In this way, the semiconductor device 501 can reduce
photolithography process steps and can prevent a decrease in
breakdown voltage due to the reduction of the process steps.
Further, the gate electrode 810 is formed not only within the gate
trench 813 but also extends opposite the main surface 61S with the
portion of the gate insulating film 840 on the main surface 61S and
the first and second insulators 710 and 720 sandwiched in between
and extends away from the central region 551 beyond the p-type
layer 620 (i.e., extends beyond the location of the p-type layer
620). The gate electrode 810, therefore, carries out the functions
of controlling a main current flowing between the source and drain
electrodes 820 and 830 and achieving the field plate effect during
operation of the semiconductor device 501 (i.e., when the source
electrode 820 is placed at a ground potential and the drain
electrode 830 is placed at a positive potential), thereby improving
the breakdown voltage.
FIGS. 23 and 24 show the results of calculating, using a device
simulator "Medici", the drain-source breakdown voltage of the power
semiconductor device 501 and a power semiconductor device for
comparison which is manufactured by the previously described
manufacturing method not using the second insulator 720. It can be
seen that, while the breakdown voltage of the semiconductor device
for comparison is about 19 volts as shown in FIG. 24, the breakdown
voltage of the semiconductor device 501 is increased to about 44
volts as shown in FIG. 23.
Second Preferred Embodiment
FIG. 25 shows a plan view for explaining a power semiconductor
device 502 according to a second preferred embodiment, FIG. 26
shows a cross-sectional view taken along line 26--26 of FIG. 25,
and FIG. 27 shows a cross-sectional view taken along line 27--27 of
FIG. 25. The semiconductor device 502 is configured by removing the
first and second insulators 710 and 720 from the semiconductor
device 501 (see FIGS. 2-4).
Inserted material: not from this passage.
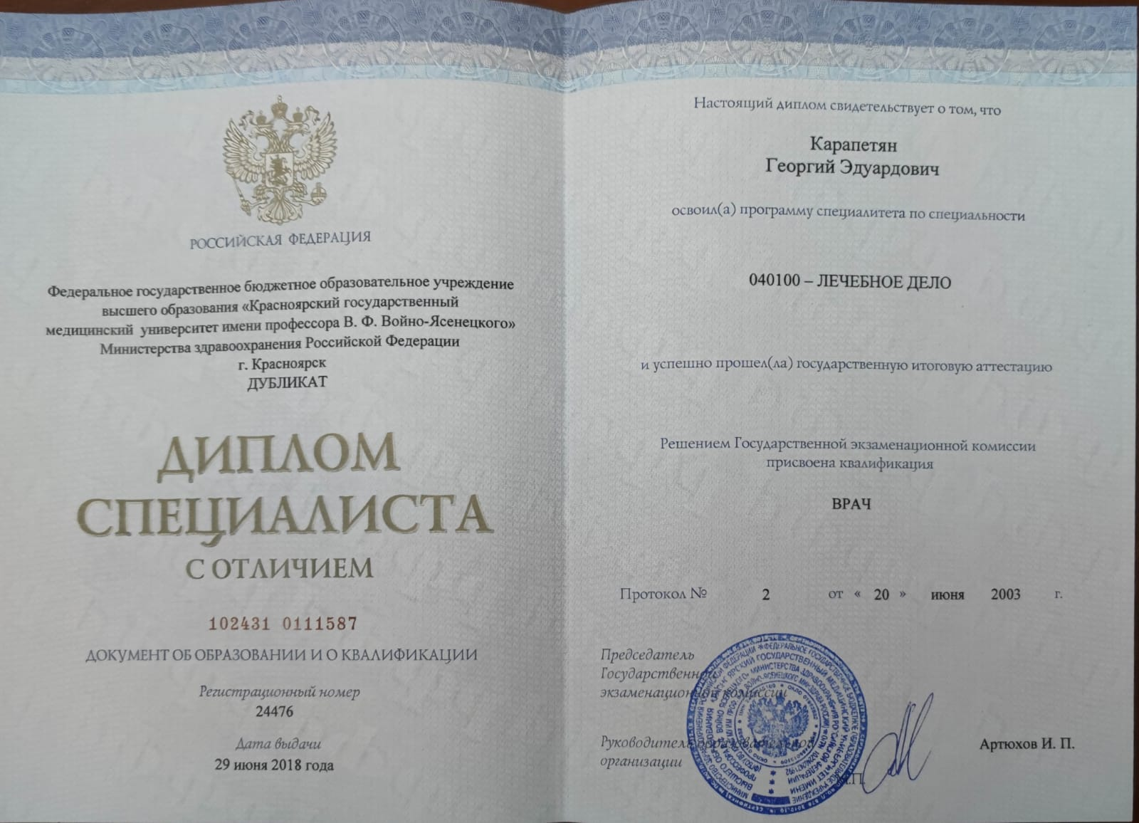 В 2003 году – с отличием окончил Красноярскую государственную медицинскую академию по специальности «Лечебное дело».

In the semiconductor device 502,
therefore, the gate insulating film 840 outside the gate trench 813
extends also into a region where the first and second insulator 710
and 720 had been located. The other parts of the configuration of
the semiconductor device 502 are basically identical to those of
the previously described semiconductor device 501.
Next, a method of manufacturing the semiconductor device 502 is
described with reference also to FIGS. 28 through 38. FIGS. 28A,
29A, and so on through FIG. 38A correspond to FIG. 25; FIGS. 28B,
29B, and so on through FIG. 38B correspond to FIG. 26; and FIGS.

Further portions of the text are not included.